New users get passkeys immediately through the Account Creation API, starting their journey password-free.

Existing users receive automatic upgrades that require no action on their part, gradually migrating them away from passwords.

Active users can discover upgrade options through management endpoints, giving them control over their authentication methods.

All users benefit from synchronized, up-to-date credential information and the flexibility to choose their preferred credential manager.

Industry impact

This isn't just Apple improving their own ecosystem. These changes build on open standards and work across platforms. The Signal APIs have web equivalents through WebAuthn. The import/export format comes from FIDO Alliance collaboration. The management endpoints use standard, well-known URLs.

The result is an industry-wide push toward passwordless authentication that benefits everyone, regardless of platform or credential manager preference.

For the complete technical details on these updates, watch Apple's WWDC 2025 passkey session.

What does this mean for developers

These updates remove significant barriers to passkey implementation. The Account Creation API makes onboarding genuinely simple. Automatic upgrades handle the migration challenge. Signal APIs solve synchronization problems. Management endpoints improve discoverability.
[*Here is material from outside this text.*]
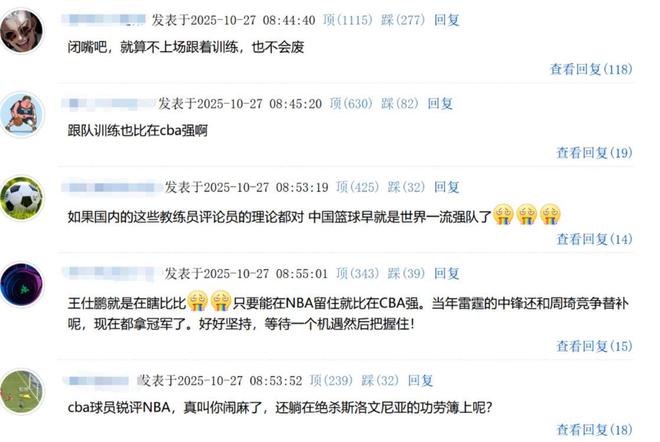 这句话也引起了外界的热议,当然大部分人都是对王仕鹏这个观点持反对意见:“闭嘴吧,就算不上场跟着训练,也不会废”、“如果国内这些评论员的理论都对,中国篮球早就是世界一流强队了”、“CBA球员锐评NBA,真叫你闹麻了,还躺在绝杀斯洛文尼亚的功劳簿上呢?”

For services like Authsignal, these improvements make it easier to deliver comprehensive passkey solutions that work seamlessly across the entire Apple ecosystem and beyond.

Looking forward

The statistics Apple shared paint a clear picture: Passkeys work better than passwords in every measurable way. Higher success rates, better security, improved user experience. The missing piece has been adoption friction, and these WWDC updates directly address those challenges.

We're not just moving toward a passwordless future - we're accelerating toward it with tools that make the transition automatic, secure, and user-friendly.